» **Task prompt**
From the records below, copy out exactly the lines from the one containing "Point: The power" to the one containing "Mxsaoud White Pendant", both included. Add nothing else.

» **Records supplied**
■ ■ ■ ■ ■ ■ ■
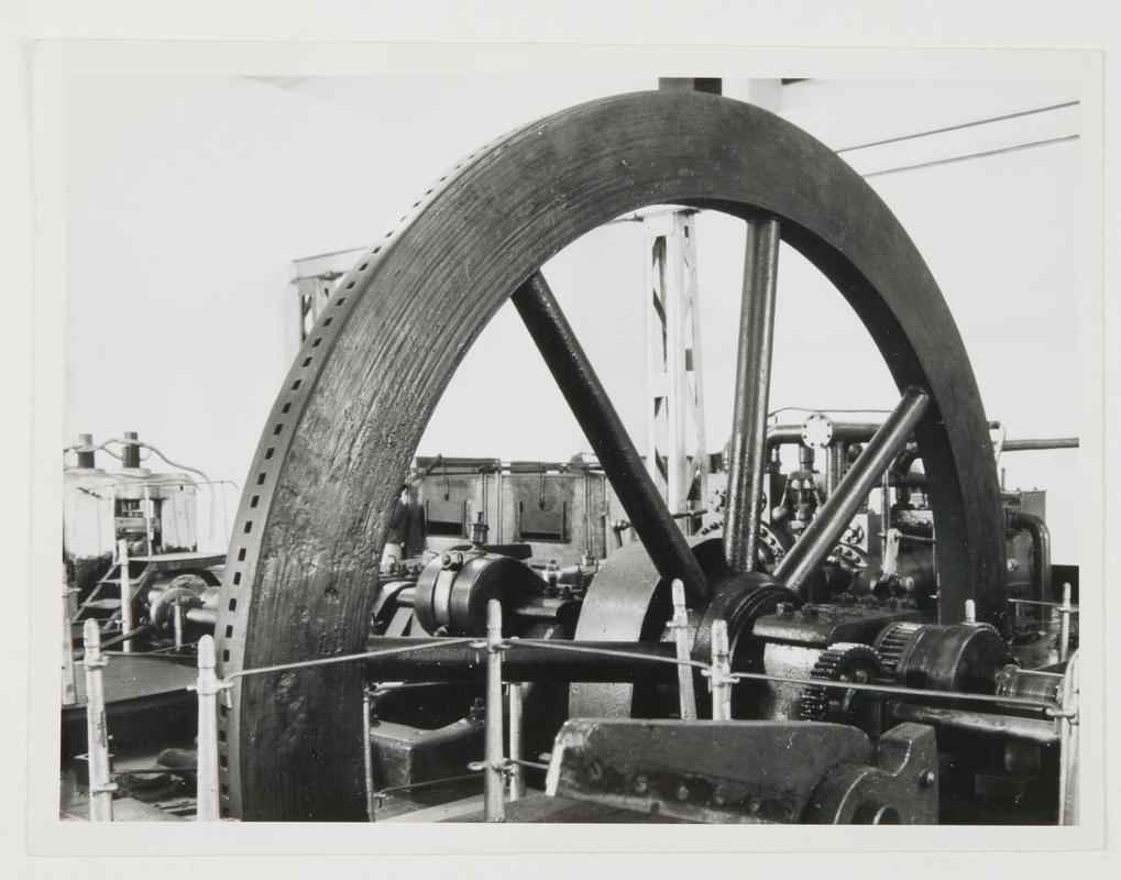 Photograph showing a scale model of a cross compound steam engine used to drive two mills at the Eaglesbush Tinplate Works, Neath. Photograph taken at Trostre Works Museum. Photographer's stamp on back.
■ ■ ■ ■ ■ ■ ■
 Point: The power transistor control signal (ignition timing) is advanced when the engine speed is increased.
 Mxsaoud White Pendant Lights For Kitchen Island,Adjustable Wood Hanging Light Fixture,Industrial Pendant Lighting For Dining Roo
■ ■ ■ ■ ■ ■ ■
» **Reply**
 Point: The power transistor control signal (ignition timing) is advanced when the engine speed is increased.
 Mxsaoud White Pendant Lights For Kitchen Island,Adjustable Wood Hanging Light Fixture,Industrial Pendant Lighting For Dining Roo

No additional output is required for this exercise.